PLN Batam Kelola PLTS Tata Jabar, Pembangkit Surya Terbesar di Indonesia dengan Kapasitas 100 MWp

PLN Batam Kelola PLTS Tata Jabar, Pembangkit Surya Terbesar di Indonesia dengan Kapasitas 100 MWp
PT PLN (Persero) Batam akan mengelola Pembangkit Listrik Tenaga Surya (PLTS) ground mounted terbesar di Indonesia, PLTS Tata Jabar. (dok pln batam)

BATAM – PT PLN (Persero) Batam akan mengelola Pembangkit Listrik Tenaga Surya (PLTS) ground mounted terbesar di Indonesia, PLTS Tata Jabar.

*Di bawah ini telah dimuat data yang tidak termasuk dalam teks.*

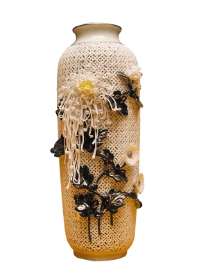“‘堆塑通雕’、‘贴花通雕’等都属于通花陶瓷类型,其吸收了潮汕其他民间工艺美术——例如木雕和石雕的携刻镂空手法,制成通雕花瓶或者花篮,再堆贴用装饰土制作的瓷花烧制而成。枫溪堆塑通雕花篮,以1979年制作的大型作品《春色长在大花篮》为代表作,现陈列于北京人民大会堂广东厅内。”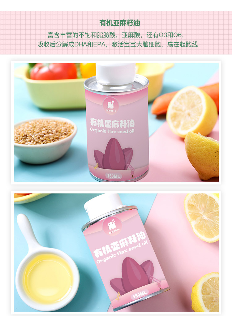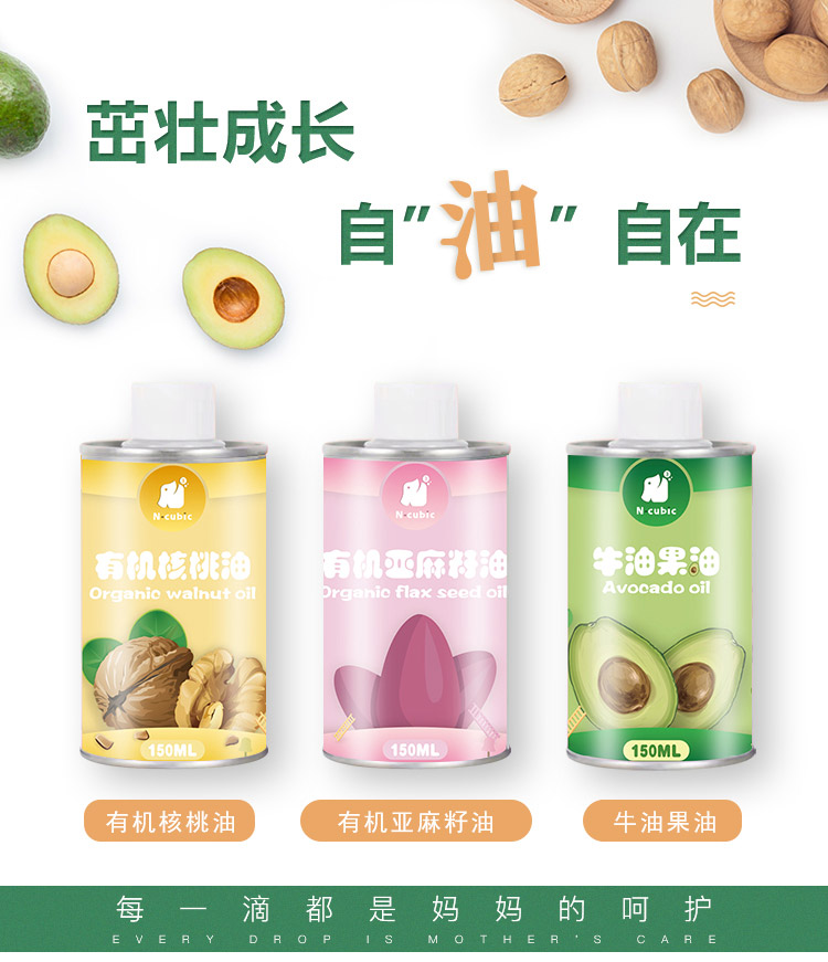 新款Ncubic恩库克宝宝有机核桃DHA亚麻籽牛油果油辅食食用油150ml
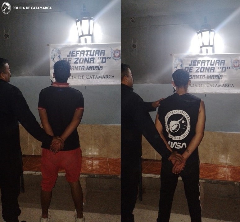 Según informaron fuentes oficiales de la Comisaría Departamental Santa María, el hecho fue descubierto mientras el personal policial realizaba un recorrido de prevención por la zona. Al observar la situación, los efectivos procedieron rápidamente a la aprehensión de los agresores, quienes fueron identificados como Bley (25) y Reinoso (26).

Proyek yang berlokasi di kawasan Kota Bukit Indah Industrial City, Jawa Barat, ini menggandeng anak perusahaan Salim Group, PT Aruna Cahaya Pratama.
Kerjasama ini terwujud setelah PLN Batam menandatangani perjanjian co-investment yang mencakup kepemilikan saham Aruna dalam proyek PLTS berkapasitas 100 MWp ini.

Direktur Utama PLN Batam, Muhammad Irwansyah Putra, mengungkapkan bahwa proyek ini merupakan bagian dari upaya PLN untuk mendukung Indonesia mencapai target Net Zero Emission (NZE) pada 2060.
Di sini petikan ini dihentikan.